**WHAT THIS TASK INVOLVES:** Reproduce the listing that follows character for character, excluding its pictures.

**INFORMATION SUPPLIED:**
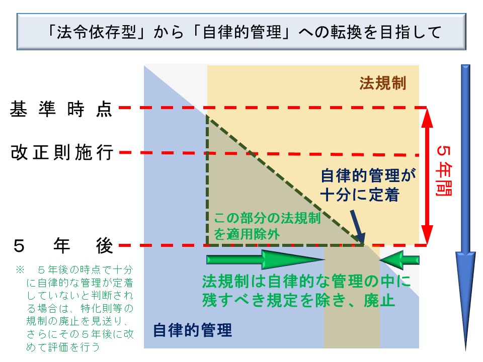 上図で説明すると、自律的な管理を5年かけて十分に定着させることとしているが、十分に定着するまでは法規制を廃止することはできない。そのため、少なくとも5年後まではそのまま適用することとなっている。
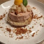 3. Leg op ieder bord een toastje met daarop de foie gras. Werk af met de peer, de kaki balletjes, speculaas crumble en een blaadje munt.
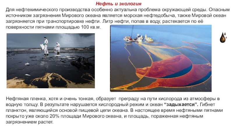Нефтяная пленка, хотя и очень тонкая, образует преграду на пути кислорода из атмосферы в водную толщу. В результате нарушается кислородный режим и океан “задыхается”. Гибнет планктон, являющийся основой пищевой цепи океана. В настоящее время нефтяными пятнами покрыто уже около 20% площади Мирового океана, и площадь, пораженная нефтяным загрязнением растет.
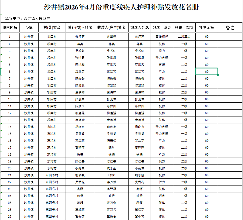 沙井镇2026年4月份重度残疾人护理补贴发放花名册

**WRITTEN SOLUTION:**
 上図で説明すると、自律的な管理を5年かけて十分に定着させることとしているが、十分に定着するまでは法規制を廃止することはできない。そのため、少なくとも5年後まではそのまま適用することとなっている。
 3. Leg op ieder bord een toastje met daarop de foie gras. Werk af met de peer, de kaki balletjes, speculaas crumble en een blaadje munt.
Нефтяная пленка, хотя и очень тонкая, образует преграду на пути кислорода из атмосферы в водную толщу. В результате нарушается кислородный режим и океан “задыхается”. Гибнет планктон, являющийся основой пищевой цепи океана. В настоящее время нефтяными пятнами покрыто уже около 20% площади Мирового океана, и площадь, пораженная нефтяным загрязнением растет.
 沙井镇2026年4月份重度残疾人护理补贴发放花名册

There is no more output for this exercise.